## Work instruction
Reproduce exactly the run of lines that begins with the one containing "- Uniwersalny, magnetyczny" and ends with the last line of the records, omitting pictures.
★ ★ ★ ★
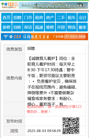 【诚聘育儿看护】
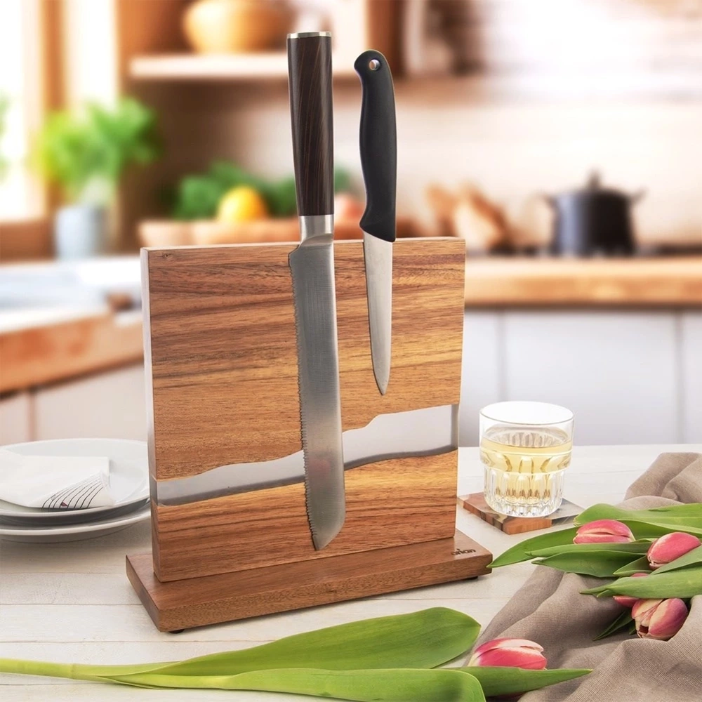 - Uniwersalny, magnetyczny stojak na noże oraz metalowe przybory kuchenne, możemy umieszczać je na nim z dwóch stron. Wykonany z drewna akacjowego.
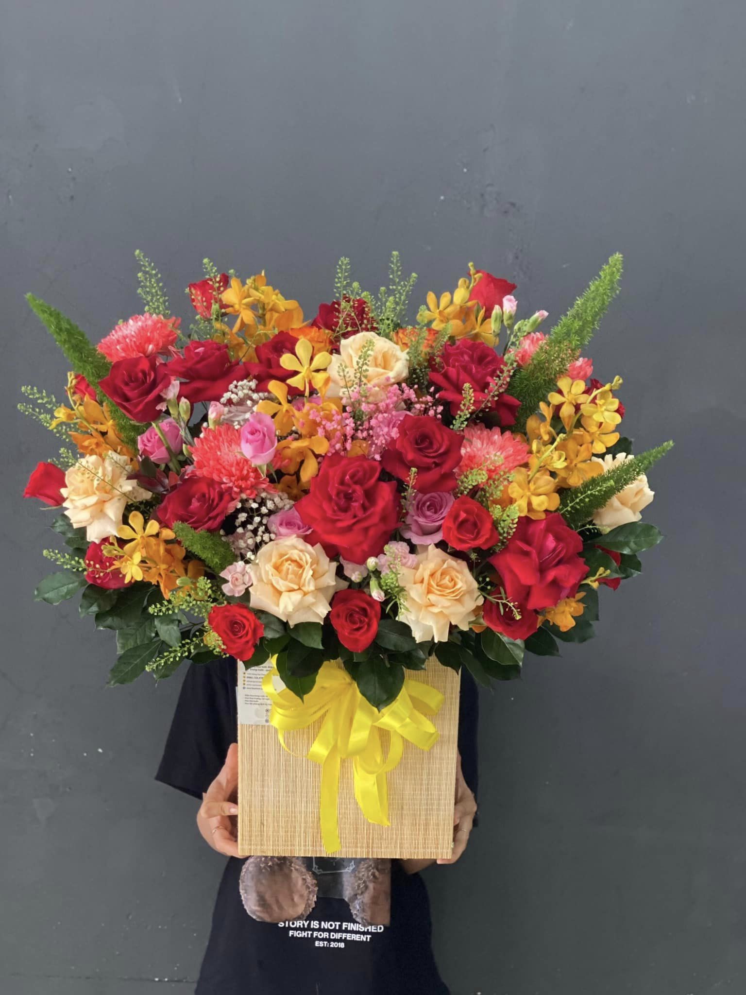 Hoa hồng đỏ, hoa hồng victor vàng mix với nhau và thêm hoa lá phụ, cắm theo phong cách hiện đại tạo GIỎ HOA HỒNG MIX THEO PHONG CÁCH HIỆN ĐẠI - HG003 thật rực rỡ nhưng cũng không kém phần sang chảnh.
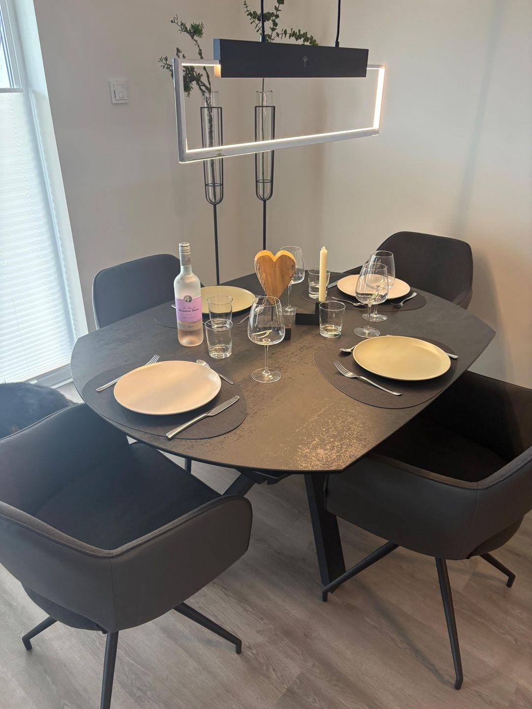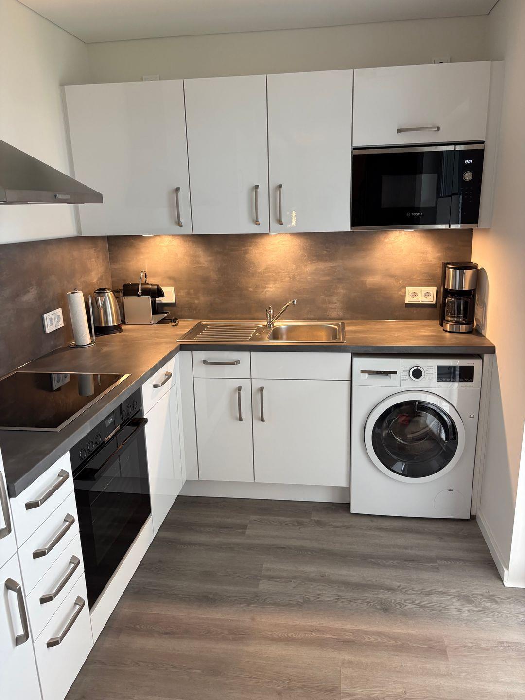 Die moderne, offene Küche mit Induktionsherd, großem Kühlschrank, leiser Geschirrspülmaschine, Espresso- und Kaffeemaschine sowie Mikrowelle und kompletter Küchenausstattung macht das Kochen zum Erlebnis. Ein ausziehbarer Esstisch bietet Dir Platz für gemeinsame Mahlzeiten – perfekt für Genussurlaub oder kulinarische Abende.
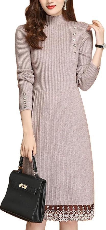 「上品さとフェミニンな魅力をアピール」 体のラインをすらっと綺麗に魅せるリブニットワンピ。
★ ★ ★ ★
## Worked solution
 - Uniwersalny, magnetyczny stojak na noże oraz metalowe przybory kuchenne, możemy umieszczać je na nim z dwóch stron. Wykonany z drewna akacjowego.
 Hoa hồng đỏ, hoa hồng victor vàng mix với nhau và thêm hoa lá phụ, cắm theo phong cách hiện đại tạo GIỎ HOA HỒNG MIX THEO PHONG CÁCH HIỆN ĐẠI - HG003 thật rực rỡ nhưng cũng không kém phần sang chảnh.
 Die moderne, offene Küche mit Induktionsherd, großem Kühlschrank, leiser Geschirrspülmaschine, Espresso- und Kaffeemaschine sowie Mikrowelle und kompletter Küchenausstattung macht das Kochen zum Erlebnis. Ein ausziehbarer Esstisch bietet Dir Platz für gemeinsame Mahlzeiten – perfekt für Genussurlaub oder kulinarische Abende.
 「上品さとフェミニンな魅力をアピール」 体のラインをすらっと綺麗に魅せるリブニットワンピ。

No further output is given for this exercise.